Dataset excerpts
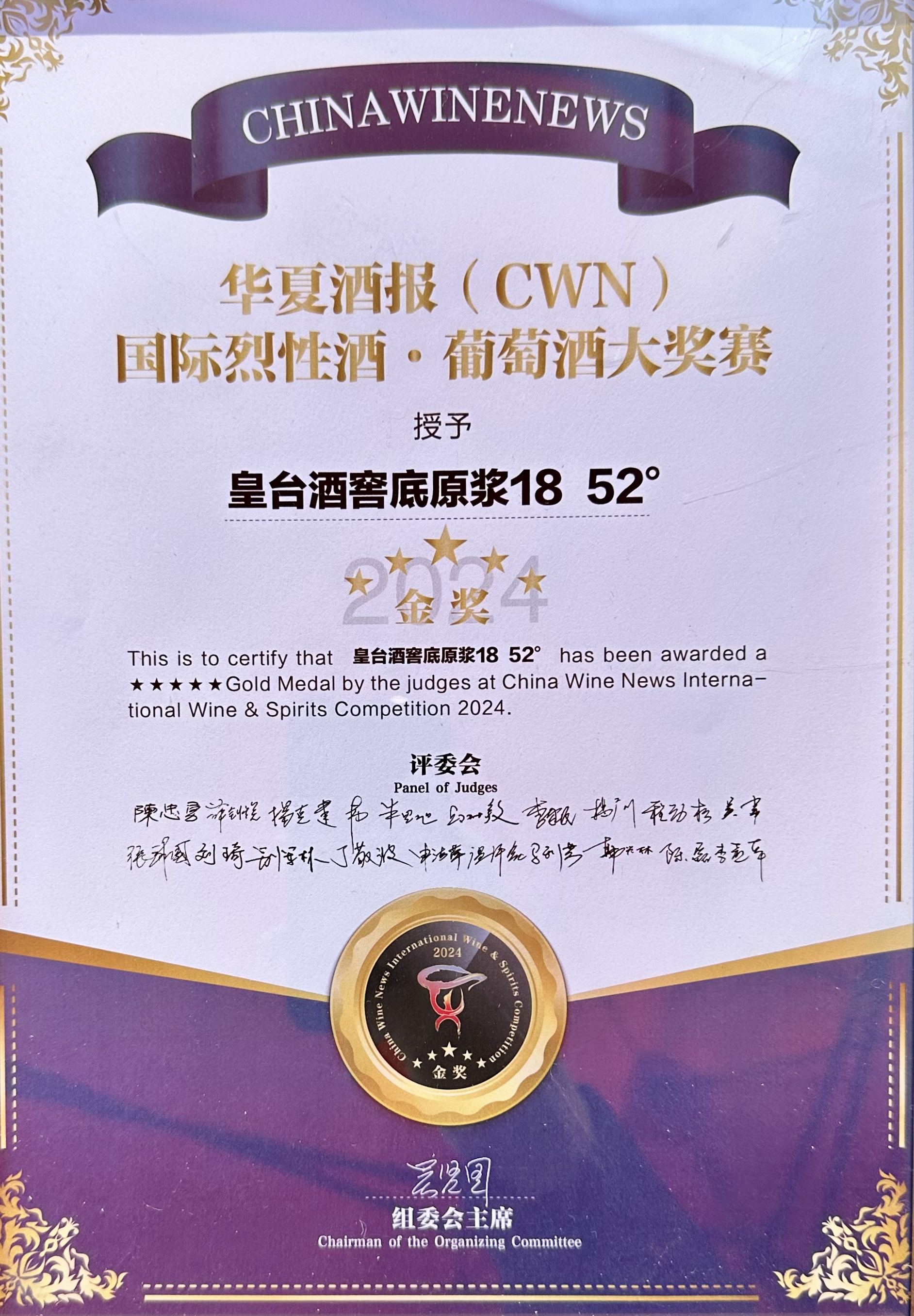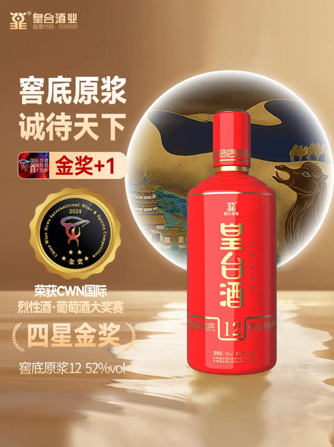 在第二屆CWN國際烈性酒·葡萄酒大獎賽頒獎盛典上,52度涼州好酒在烈性酒A類(價格在< 200元組)榮捧金獎;52度皇臺窖底原漿12和42度窖底原漿18兩款產品在B類(價格在<200-499元組)中榮捧金獎;52度皇臺窖底原漿18在C類(價格在500—799元組)中榮捧金獎。
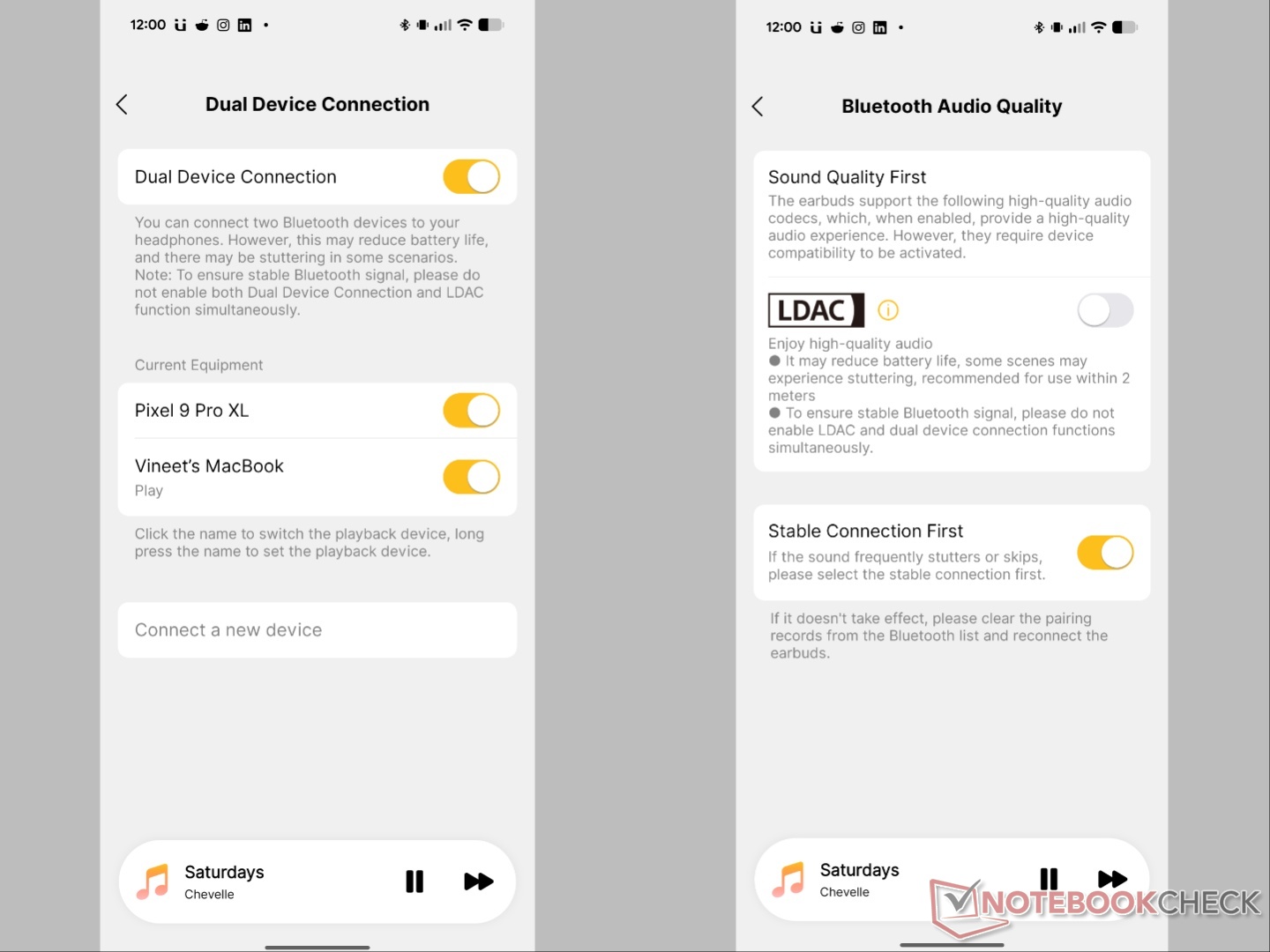 LDAC funziona come previsto e abbiamo notato un'uscita audio leggermente migliorata quando è stato abbinato al Pixel 9 Pro XL e LDAC è stato attivato nelle opzioni sviluppatore. Con LDAC attivato, non è possibile utilizzare la connessione a doppio dispositivo. A questo proposito, l'accoppiamento con due dispositivi - il Pixel e un MacBook Air M4 - ha funzionato come indicato, con gli auricolari che passavano automaticamente alla sorgente con audio attivo. Tuttavia, abbiamo notato che dopo aver tolto gli auricolari dalla custodia e averli collegati automaticamente a entrambi i dispositivi, la riproduzione di musica sul telefono non inviava l'audio agli auricolari. Scollegandoli dal MacBook Air, hanno ricominciato a inviare l'audio dal telefono, il che indica che stavano falsamente rilevando l'ingresso audio dal MacBook Air, anche se non era in corso alcuna riproduzione. Una volta scollegati e ricollegati al MacBook Air, hanno funzionato come dovrebbero. Ma il problema si ripresenta spesso.
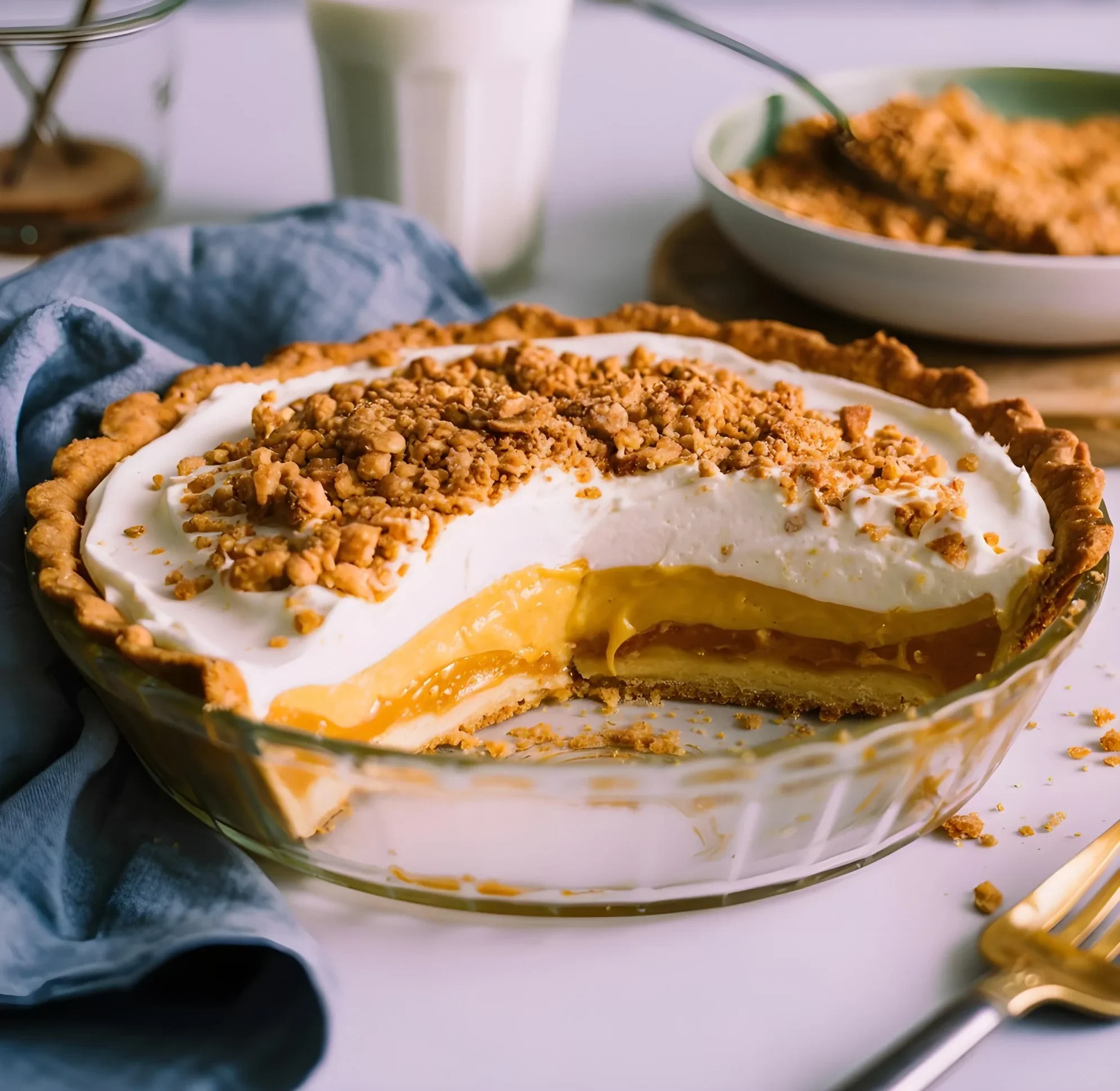 Set aside half of your crumbs for layering the base of the pie. Keep the rest for that irresistible topping. The crumble layer adds both flavor and texture it’s what sets this pie apart from ordinary pudding pies.
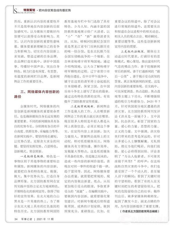 2021年第11期《军事记者》在“特别策划•把内容优势变成传播优势”专栏刊发了此文。文章指出,全媒体时代,网络媒体内容创新显得尤为重要和迫切,网络媒体内容创新应遵循新闻传播规律,坚持继承与发展、守正与创新相结合,在深挖内涵,增强特色,打造品质上下功夫,以保持网络媒体长久旺盛的生命力。
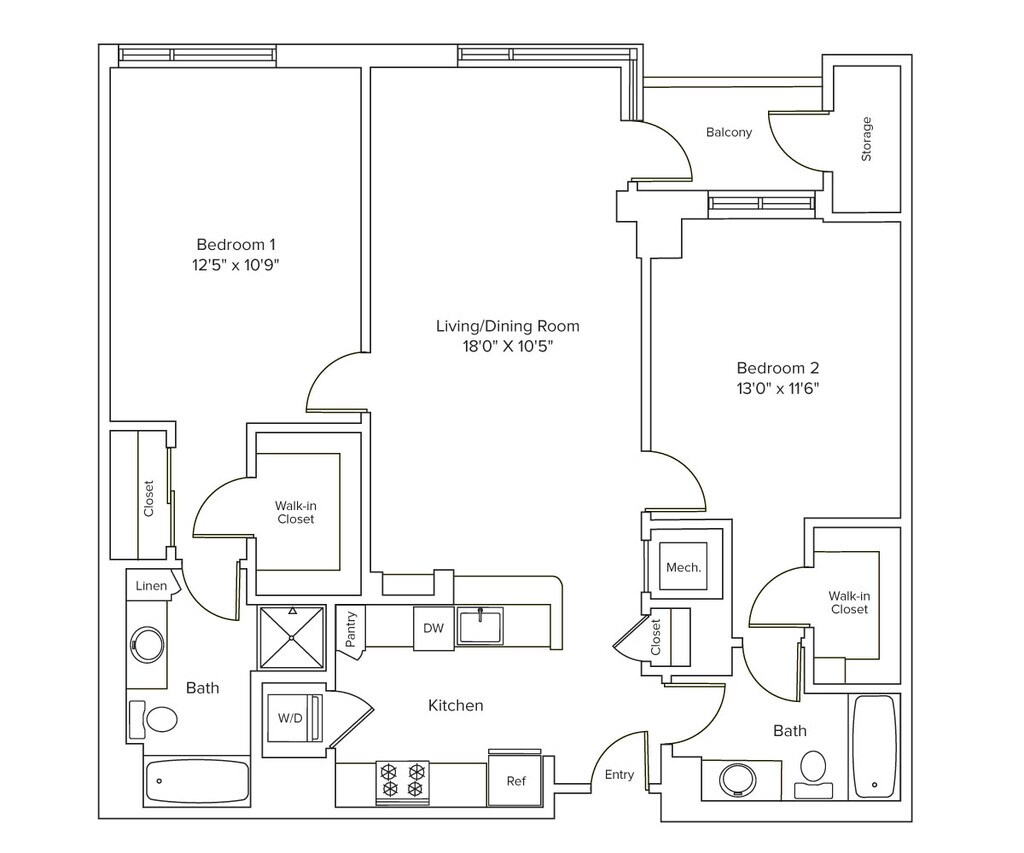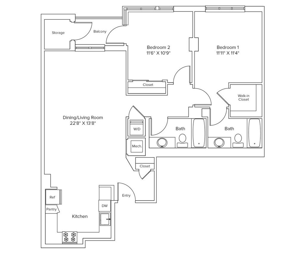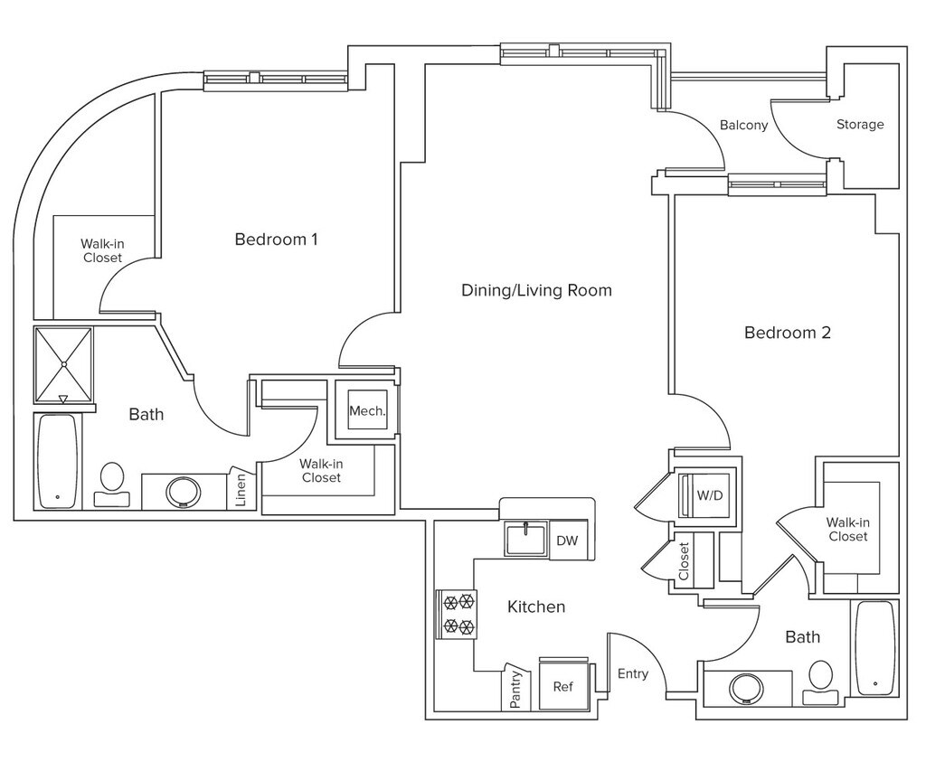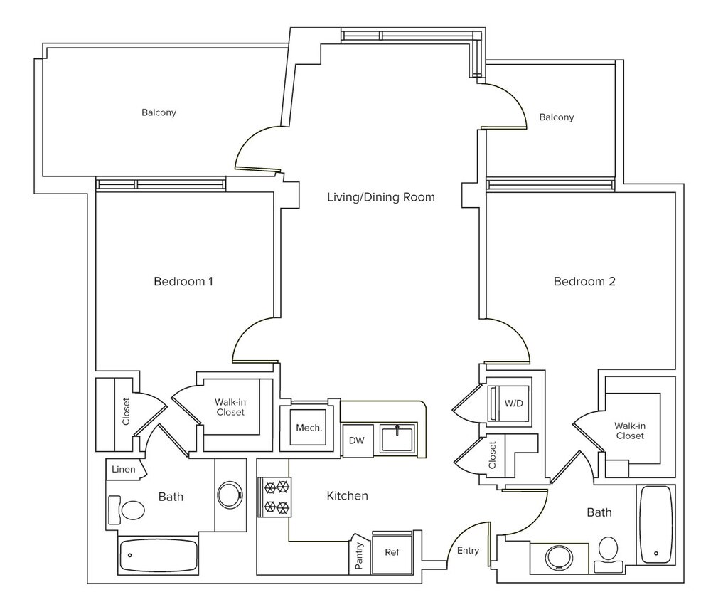 1 Bed, 2 Baths, 899 sq ftAvailable NowModel Gallery

Exercise instructions. Exercise for the records above: copy only the lines from the one with "Set aside half" to the one with "2021年第11期《军事记者", both ends kept, and drop the pictures.

Exercise output.
 Set aside half of your crumbs for layering the base of the pie. Keep the rest for that irresistible topping. The crumble layer adds both flavor and texture it’s what sets this pie apart from ordinary pudding pies.
 2021年第11期《军事记者》在“特别策划•把内容优势变成传播优势”专栏刊发了此文。文章指出,全媒体时代,网络媒体内容创新显得尤为重要和迫切,网络媒体内容创新应遵循新闻传播规律,坚持继承与发展、守正与创新相结合,在深挖内涵,增强特色,打造品质上下功夫,以保持网络媒体长久旺盛的生命力。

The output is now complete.